Water supply is a critical infrastructure with minimal digitalization in most cities. AI optimizes pumping stations, detects leaks, and manages water quality in real time.

Pumping station control

Optimization of pump scheduling:

Pumps are the largest consumer of electricity in water supply systems.

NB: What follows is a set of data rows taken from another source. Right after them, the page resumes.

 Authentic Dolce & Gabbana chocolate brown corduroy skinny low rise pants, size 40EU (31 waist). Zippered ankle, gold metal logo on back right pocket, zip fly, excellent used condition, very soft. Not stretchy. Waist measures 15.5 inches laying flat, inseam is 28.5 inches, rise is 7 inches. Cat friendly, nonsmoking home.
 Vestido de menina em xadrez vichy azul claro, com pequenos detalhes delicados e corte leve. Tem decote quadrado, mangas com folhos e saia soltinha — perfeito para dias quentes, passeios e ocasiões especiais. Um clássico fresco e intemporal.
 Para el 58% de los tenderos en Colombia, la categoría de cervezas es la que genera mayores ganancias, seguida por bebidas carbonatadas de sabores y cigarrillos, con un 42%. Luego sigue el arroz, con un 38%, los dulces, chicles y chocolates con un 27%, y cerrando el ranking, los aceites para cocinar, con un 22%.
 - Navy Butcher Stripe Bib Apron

Their goal is to maintain reservoir pressure and levels while minimizing energy costs.

import numpy as np
from scipy.optimize import minimize
import pandas as pd

class PumpScheduleOptimizer:
    """Оптимизация расписания насосов с учётом тарифной сетки"""

    def __init__(self, n_pumps, reservoir_capacity_m3):
        self.n_pumps = n_pumps
        self.V_max = reservoir_capacity_m3
        self.V_min = reservoir_capacity_m3 * 0.2  # мин. 20% объёма

    def optimize_24h(self, demand_forecast, tariff_schedule, pump_specs, V_init):
        """
        demand_forecast: потребление по часам [м³/ч]
        tariff_schedule: тариф электроэнергии по часам [руб/кВтч]
        pump_specs: [{flow_m3h, power_kw, min_run_time_h}]
        V_init: начальный уровень резервуара [м³]
        """
        T = 24  # горизонт 24 часа

        # Решение задачи LP: [on/off] каждого насоса в каждый час
        from pulp import LpProblem, LpMinimize, LpVariable, lpSum, LpBinary

        prob = LpProblem("pump_schedule", LpMinimize)

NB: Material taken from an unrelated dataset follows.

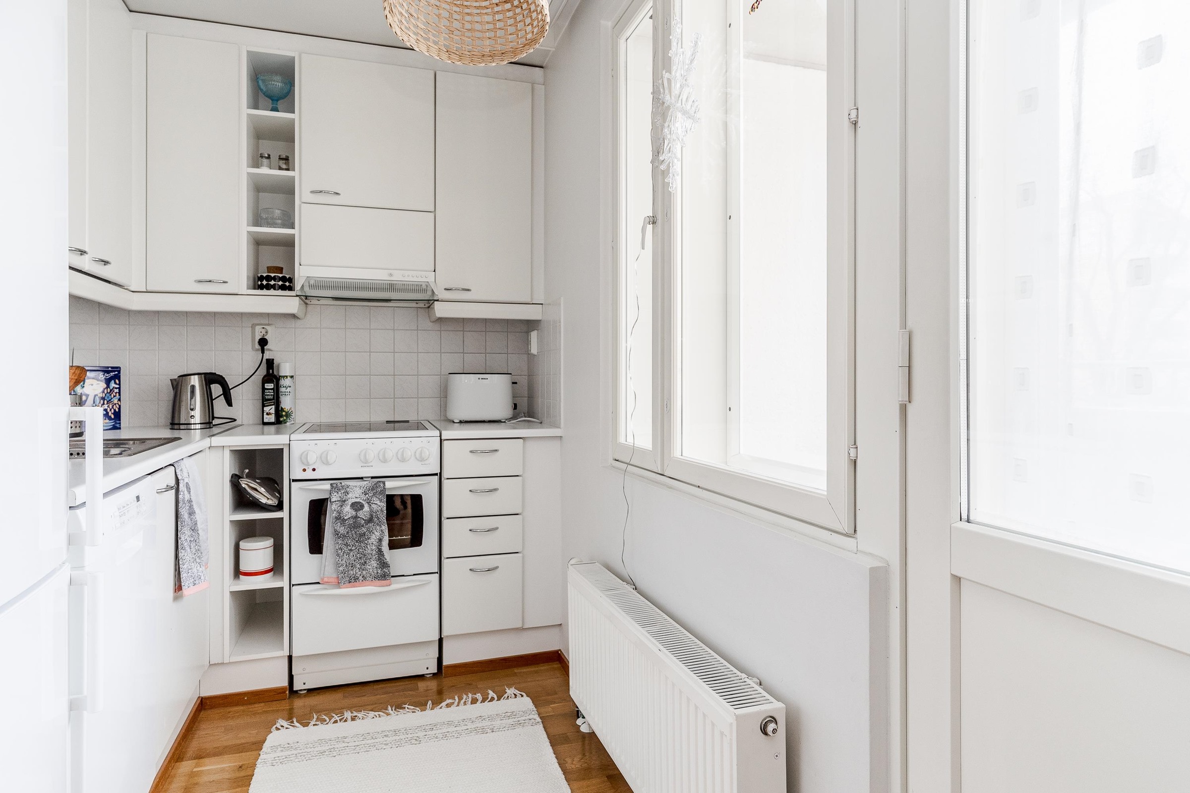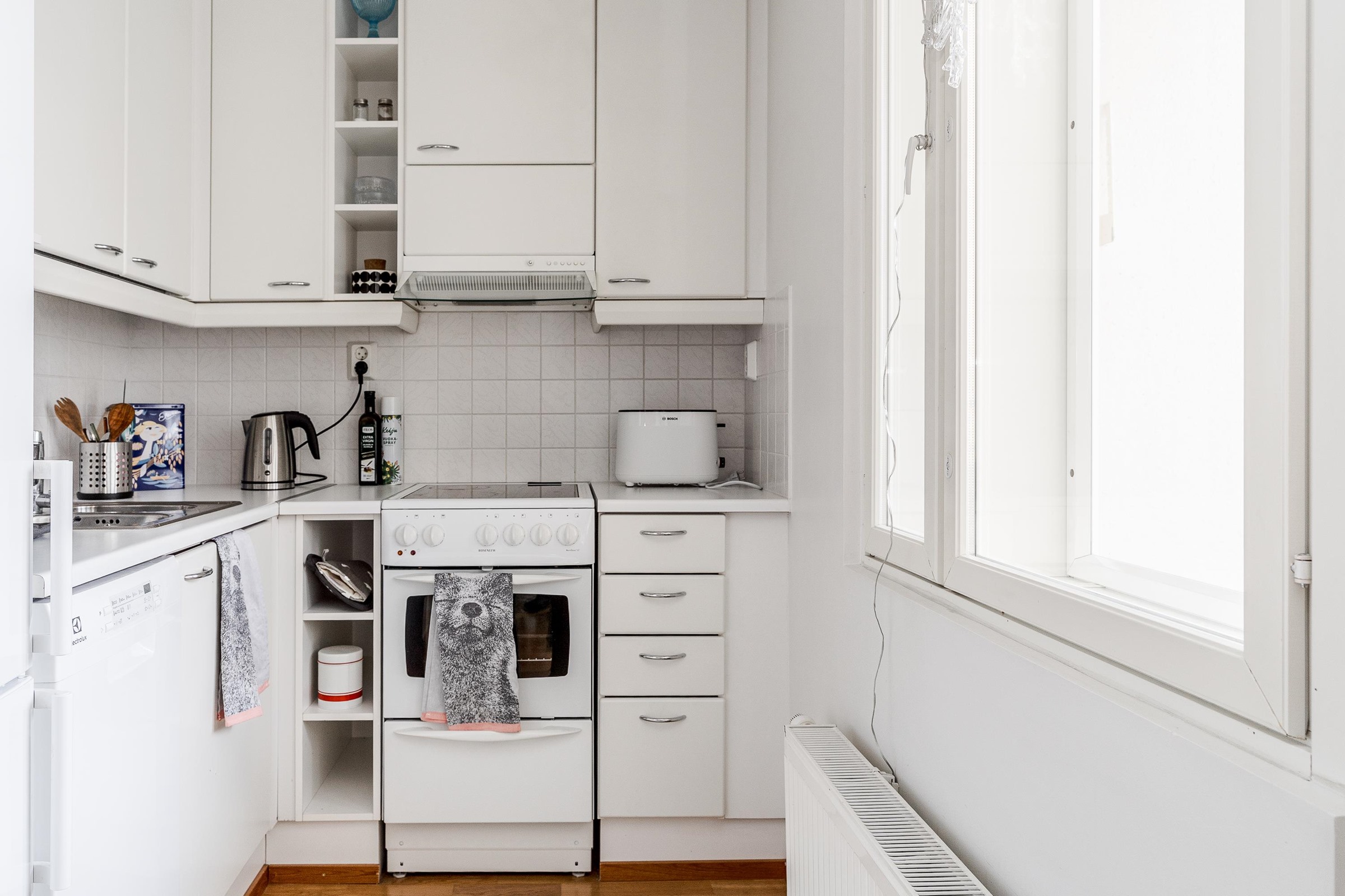 - Jääkaappipakastin, keraaminen liesi, liesituuletin, astianpesukone, kaapistot, kiinteät valaisimet.

        # Бинарные переменные: насос i включён в час t
        pump_on = [[LpVariable(f"pump_{i}_{t}", cat='Binary')
                    for t in range(T)] for i in range(self.n_pumps)]

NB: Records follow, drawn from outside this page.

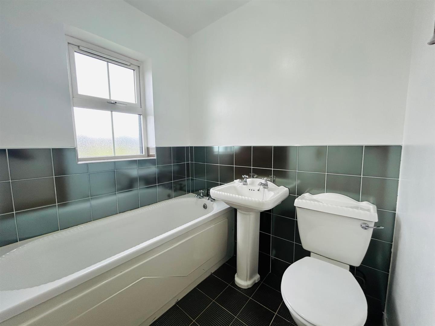 Comprising bath, whb & wc, extractor fan, partly tiled walls and tiled floor.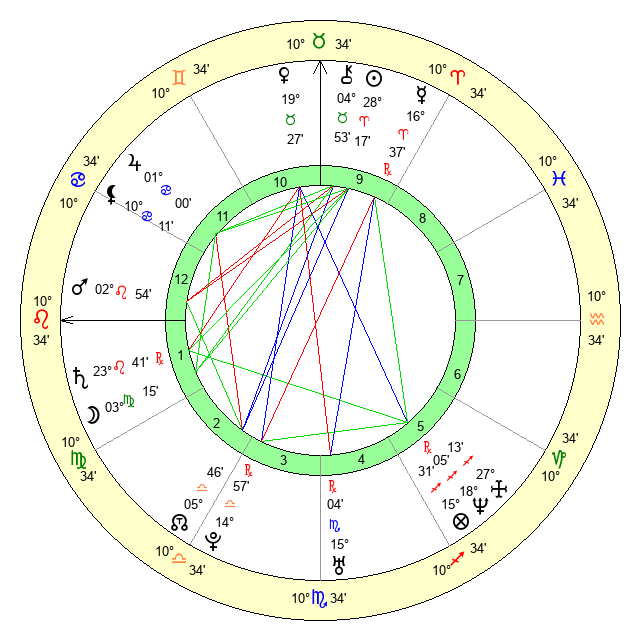 | Moon | 3 Virgo 10 | 1 Capricorn 18 | 1 Gemini 24 |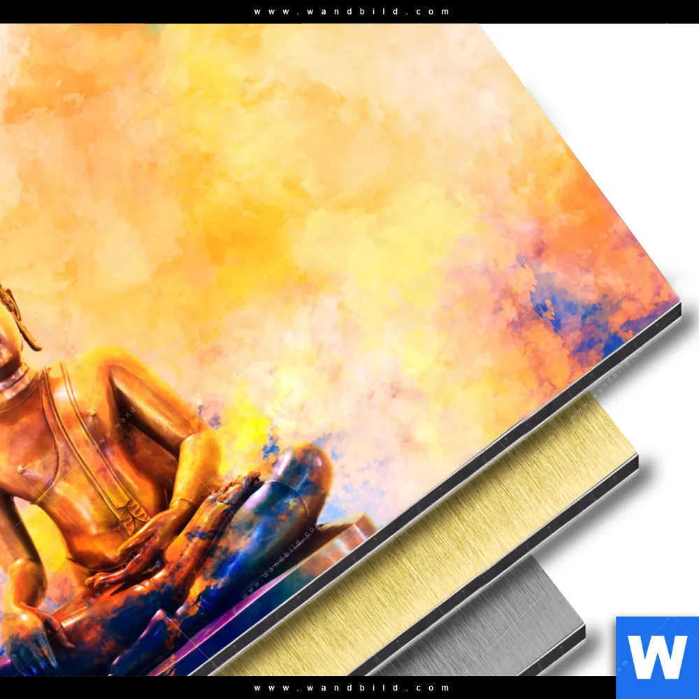 Buddha - Feng Shui Aluminiumbild mit metallischem Effekt inkl. vormontiertem Rückrahmen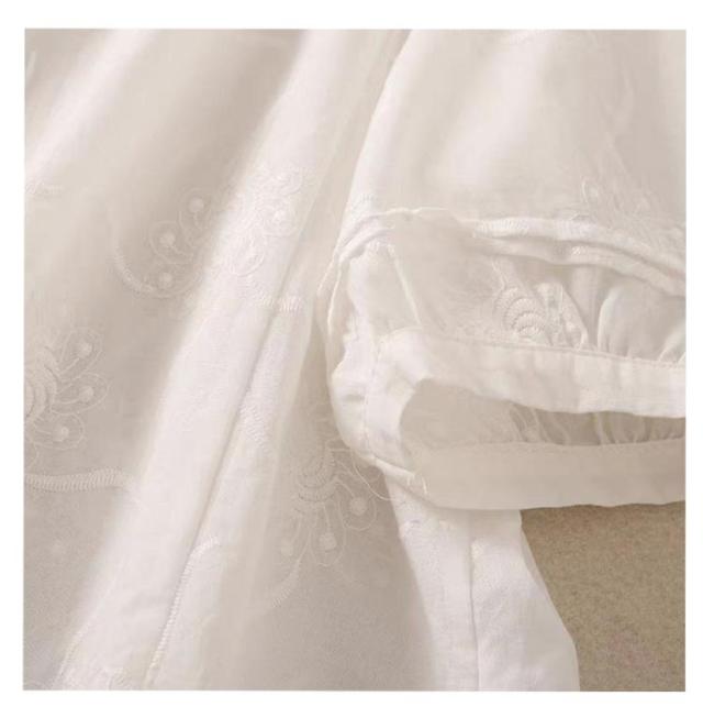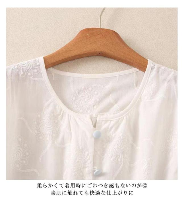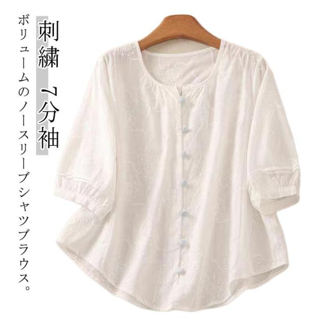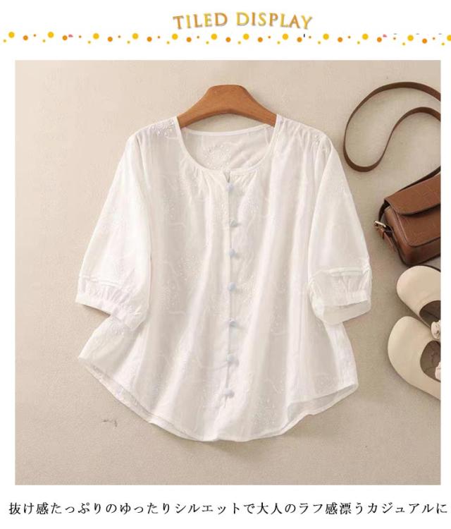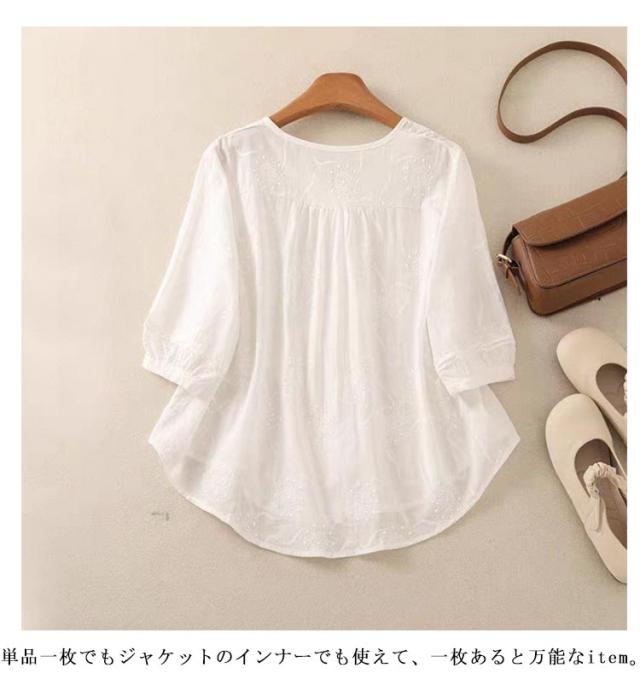 ブラウスシャツ 刺繍 夏 トップス ラウンドネック かわいい シャツ ブラウス 花 レース ゆったり 7分袖 シンプル おしゃれ 七分袖 夏コーデ 無地 ブラウス きれいめ 夏用 フォーマル 薄手 オフィス カジュアル 20代 30代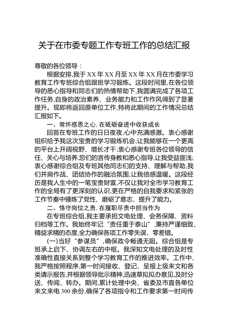 關(guān)于在市委專題工作專班工作的總結(jié)匯報

        # Переменная уровня резервуара
        V = [LpVariable(f"V_{t}", lowBound=self.V_min, upBound=self.V_max)
             for t in range(T+1)]
        V[0].setInitialValue(V_init)

        # Цель: минимизировать стоимость электроэнергии
        prob += lpSum(
            pump_specs[i]['power_kw'] * pump_on[i][t] * tariff_schedule[t]
            for i in range(self.n_pumps) for t in range(T)
        )

        # Баланс резервуара
        for t in range(T):
            inflow = lpSum(pump_specs[i]['flow_m3h'] * pump_on[i][t]
                          for i in range(self.n_pumps))
            prob += V[t+1] == V[t] + inflow - demand_forecast[t]

        prob.solve()
        return [[pump_on[i][t].value() for t in range(T)] for i in range(self.n_pumps)]

Optimization effect:

By shifting pump operation to night hours (cheap tariff): savings of 15–25% on electricity costs with the same volume of water supplied.

Leak detection

Balance sheet method:

Material balance: supply volume (meters at pump stations) - consumption volume (meters at subscribers) = losses. Non-Revenue Water (NRW) in Russia: 20–40% is a typical level.

Pressure transient analysis:

Leaks create characteristic pressure changes in the network: - Sudden pressure drops: a pipe break - Gradual trend: a slow leak through a defect - LSTM on pressure time series → anomaly detection

Spatial localization of the leak:

  • Correlation method: two acoustic sensors → sound delay → distance to leak - ML on a network of pressure sensors: from which node the anomalies radiate → search zone

Localization accuracy: 50–100 m without soil excavation.

Water quality

Online monitoring of parameters:

IoT sensors on the distribution network and at consumers: - Residual chlorine: should be >0.05 mg/l throughout the network (SanPiN 2.1.3684) - Turbidity, pH, temperature - Nitrates, ammonium (water intake points)

Chlorine Spread Model:

Hydraulic model + chlorine consumption kinetics (EPANET2): - Prediction of chlorine concentration at any point in the network - Optimization of chlorine dosing: minimum dose → ensure standard throughout the network

Pollution detection:

Atypical profile of several parameters simultaneously → ML classifier → alert: - Turbidity + pH deviation + organics - Geolocation: in which area of the network did it occur → probable source

Wastewater network management

Forecast of consumption in collectors:

During heavy rainfall, the volume of surface runoff + wastewater = risk of overflow: - LSTM based on rain gauge data + levels in collectors - Forecast for 1–2 hours → pre-emptive control of valves

Optimization of sewer pumping stations:

Similar to water supply: smooth out peaks in supply → avoid overloading the wastewater treatment plant (WWTP), use the storage capacity of collectors.

Development time: 4–7 months for an AI water supply system with pump optimization, loss monitoring, and water quality.